Alfred George Chalkley (16 August 1904 – 11 June 1971) was an English footballer who played as a full-back for West Ham United.

Chalkley, brother of West Ham centre-half George and Dartford left-back Charlie, was born in Plaistow. He played schoolboy football as an outside-left, and was capped for England Boys against Scotland in 1917, although he served with the Army during World War I and later became a steel erector.

Chalkley signed professional forms with West Ham in 1931 after impressing in a trial game and played 29 games of the 1931–32 season. His Division One debut came in the first game of the season, a 1–0 away loss against Bolton Wanderers on 29 August 1931, in front of 15,740 people. Two days later, he experienced a home crowd of 28,338, and a 3–1 win against Chelsea. His only goal came against Manchester City on 2 March 1932, a clearance from his own penalty area that somehow managed to clear City 'keeper Len Langford.

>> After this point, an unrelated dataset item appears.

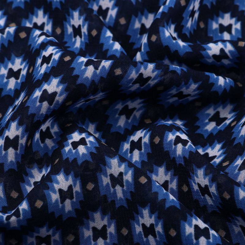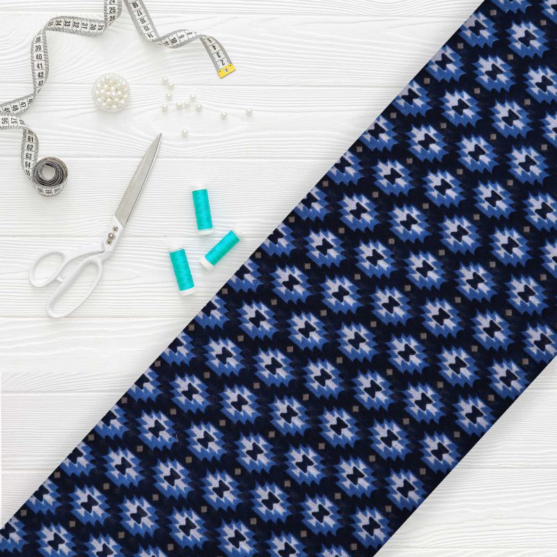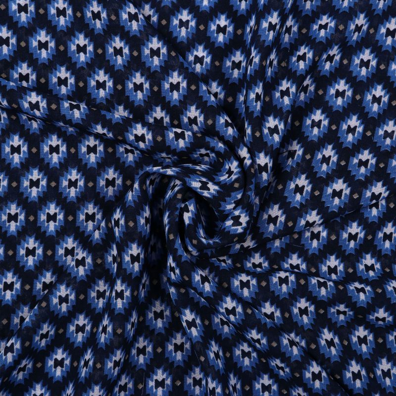 Navy Blue And White Geometric Pattern Screen Print Georgette Fabric
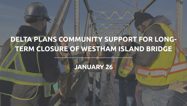 For the latest information on the emergency response and available supports, visit www.delta.ca/westhamislandbridge. Residents of Westham Island are invited to email WesthamIslandCommunity@Delta.ca to receive updates directly.

He went on to make 202 League and FA Cup appearances for the Irons, and was an ever-present during the 1934–35 season. Chalkley's final appearance for the West Ham first team was against Fulham on 7 November 1936. After that, he featured regularly for the London Combination side up until January 1944.

During World War II, he made 34 appearances in the Football League South, 18 in the London League, 2 in the League South Cup, 11 in the London War Cup and 5 in the Football League War Cup.

Chalkley represented the London FA in a game against Diables Rouges of Belgium, and also played for the London Combination three times.

He retired from football after leaving West Ham.